FLD : Quel est, à vos yeux, l'enjeu pour l'agriculture urbaine et périurbaine ?

J. K. : Du point de vue économique, l'important est de pouvoir sortir un produit de qualité, assurant un revenu au producteur et lui permettant d'amortir son outil de travail et donc d'investir. C'est un vrai process agricole à l'œuvre ici. Et trouver l'équilibre économique n'est pas possible partout, surtout dans les villes. De plus, certaines contingences, propres au milieu urbain, sont à prendre en considération : faire du miel sur les toits des villes, c'est bien mais qu'en est-il du risque sanitaire lié à la pollution des centres urbains ? Il ne faut pas se raconter n'importe quoi.

FLD : Est-ce à dire que les expériences menées aujourd'hui et les projets envisagés ne sont pas crédibles ?

J. K. : Je n'y suis pas opposé. Simplement, les éléments tangibles manquent. J'ai constaté l'expérience des Galeries Lafayette qui font pousser des fraises sur le toit de leur immeuble à Paris pour approvisionner leur magasin de détail alimentaire : mais il s'agit là d'un marché de niche. Un projet pionnier, en revanche, est celui mené sur Romainville (Seine-Saint-Denis) par Corinne Valls (cf. fld hebdo du 2 mars 2016). Son projet, qui marie la réalité de la ville et celle du maraîchage, est porté par une conviction et non un dogme politique. Ce qui rend ce projet particulièrement sain, c'est qu'il s'affranchit de toute propagande. Autrement, le seul créneau vraisemblable, ce serait un restaurant disposant de son potager sur le toit. A l'image de ce que fait Yannick Alleno avec son restaurant Maison de la Mutualité. Mais, en allant plus loin, qu'est-ce qui empêcherait un primeur de cultiver ses propres légumes ainsi pour les vendre ensuite dans son magasin ?

FLD : Quel serait le schéma alors à mettre en place ?

J. K : Mon credo est que le travail du producteur, c'est produire.
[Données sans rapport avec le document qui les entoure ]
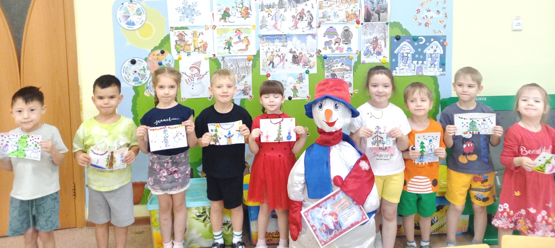 Вдохновлённые зимней сказкой, дети решили с помощью рисунков сообщить дедушке, что им нужна пушистая ёлочка, ведь без неё праздник не будет таким волшебным, а весёлый снеговик с радостью согласился помочь ребятам.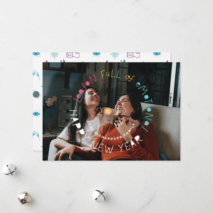 Celebrate a season full of different emotions from joy, laughter, love, special moments, and unexpected challenges with our uplifting, colorful and cheerful emoji-inspired happy New Year photo card design. Our design captures different emotions and Christmas symbolisms with our fun emoji-style icons. “Season Full of Emotions, Happy New Year is displayed in a fun colorful design and personalized with a family photo, family signature, and year. The back of the card features a fun emoji pattern. A fun non-traditional Holiday design for a non-traditional season. All illustrations are hand-drawn original artwork by Moodthology Papery.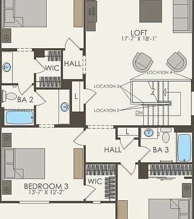This is the spacious "Oxford" floor plan at the new home community the Manors at Highland Grove in Riverside. The Oxford Plan has the Owner's Suite, secondary bedroom and a flex room on the main level with three additional bedrooms and a loft upstairs. Please note, the photography uploaded is of a rendering showing our Oxford floor plan. Photos uploaded are of the model representing the floor plan and are to demonstrate furniture layout. Furniture pictured is for demonstration only and not included with purchase.

Ensuite, il faut mettre à sa disposition les moyens pour assurer l'écoulement de son produit, dans un processus de mutualisation, vers le consommateur. Le Comptoir du carreau, à Rungis (cf. fld du 25 mai 2016) est un bon exemple. Certains producteurs ont su se regrouper, se structurer pour organiser leur offre. L'important est de garder un bon équilibre avec l'existant en termes de commerce. Et pour les projets évoqués ici et là, l'expérience des gestionnaires de marchés, qui savent trouver cet équilibre entre primeur et producteur, serait appréciable.

L'Ile-de-France fête ses produits locaux en septembre

Jusqu'au 25 septembre, les “Semaines du mangeons local”, organisées par le Cervia Paris Ile-de-France reviennent pour une quatrième édition. Primeurs, restaurateurs, boutiques à la ferme, cueillettes, distributeurs automatiques à la ferme, drives fermiers, sites marchands ou encore paniers fraîcheurs dans les gares SNCF : les Franciliens auront l'embarras du choix pour consommer des produits de la région. Les communes sont aussi parties prenantes à l'instar du marché de Réau (Seine-et-Marne) à l'occasion des Fêtes du patrimoine (17 et 18 septembre) ou l'opération “De la cagette à l'assiette” à Paris aux mêmes dates. En 2015, l'événement avait rassemblé plus de 200 points de vente, 200 restaurants et une douzaine d'événements.